Friday, 5 October 2018

What cannot be a trademark?


What is a trademark?
The word, trademark means legally registered for representing a product or company . When competition is increasing, it becomes almost essential to differentiate your products or services from others.
The strive to stay in the market makes one concerned about their product’s quality.
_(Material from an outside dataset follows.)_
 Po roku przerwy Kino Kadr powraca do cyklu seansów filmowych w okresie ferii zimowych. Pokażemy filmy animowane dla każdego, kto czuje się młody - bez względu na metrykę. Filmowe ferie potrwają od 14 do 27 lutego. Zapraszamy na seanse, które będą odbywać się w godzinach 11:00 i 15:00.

Trademark Registration concept may be quite new for Indians.
The Trade Marks Act, 1999 provides a platform for the registration of trademarks of goods and services, also provides the unique identification of the product and thereby also providing the manufacturer relief in case of infringement of his trademark.

Certificate Mark
This mark basically identifies the origin, material, quality, and characteristics of goods and services offered by a manufacturer from his competitors. It is also used in assessing the worth of labor in manufacturing goods or services.

Collective Mark
These marks differentiate the members of a collective group, which can be a cooperative organization or an association.
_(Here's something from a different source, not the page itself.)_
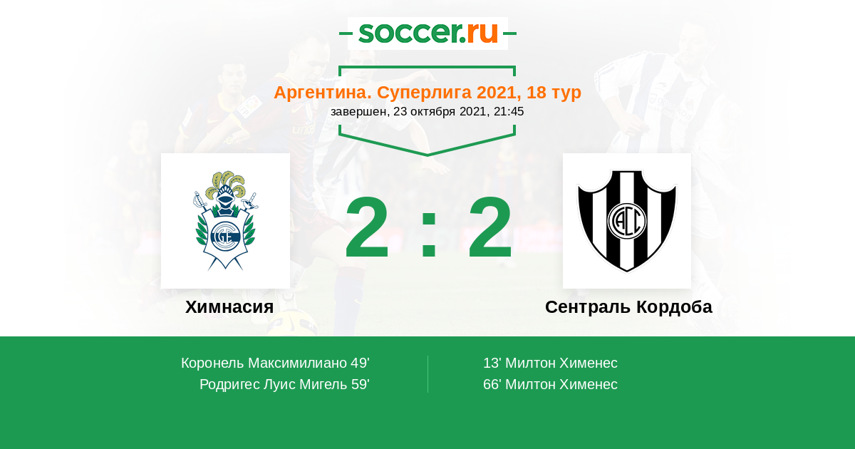 66' (2:2) Милтон Хименес (45) (Брочеро Лукас (21))

What cannot be a trademark?
Few are the points for refusal in India –


Distinctive Nature – The measure of being unmistakable is considered bad in the Indian law. The sign of an item or administration which isn’t of an unmistakable sort would not be a trademark.

Names / Surnames – Names or surnames cannot be used as a trademark in India if they do not possess a distinctive character.

Numerical – Numbers can’t be used to be utilized as a trademark, as such. In specific cases, the courts in India have reasoned that numbers don’t have a particular nature connected to them, consequently, not fitting the bill to be a trademark.

Geographical Location – Geographical locations cannot be used as trademarks.

Color – The Trade Marks Act does not specifically refuse the usage of color.

Sound – Melodic notes as melodic documentations are acknowledged as trademarks in India, yet clamors, for example, pooch woofing can’t be a trademark.

Smell – It is difficult to distinguish between different smells. Smell cannot go through the process of Trademark Registration in India.

If you want to Apply for Trademark Registration, you can go with Apply Trademark.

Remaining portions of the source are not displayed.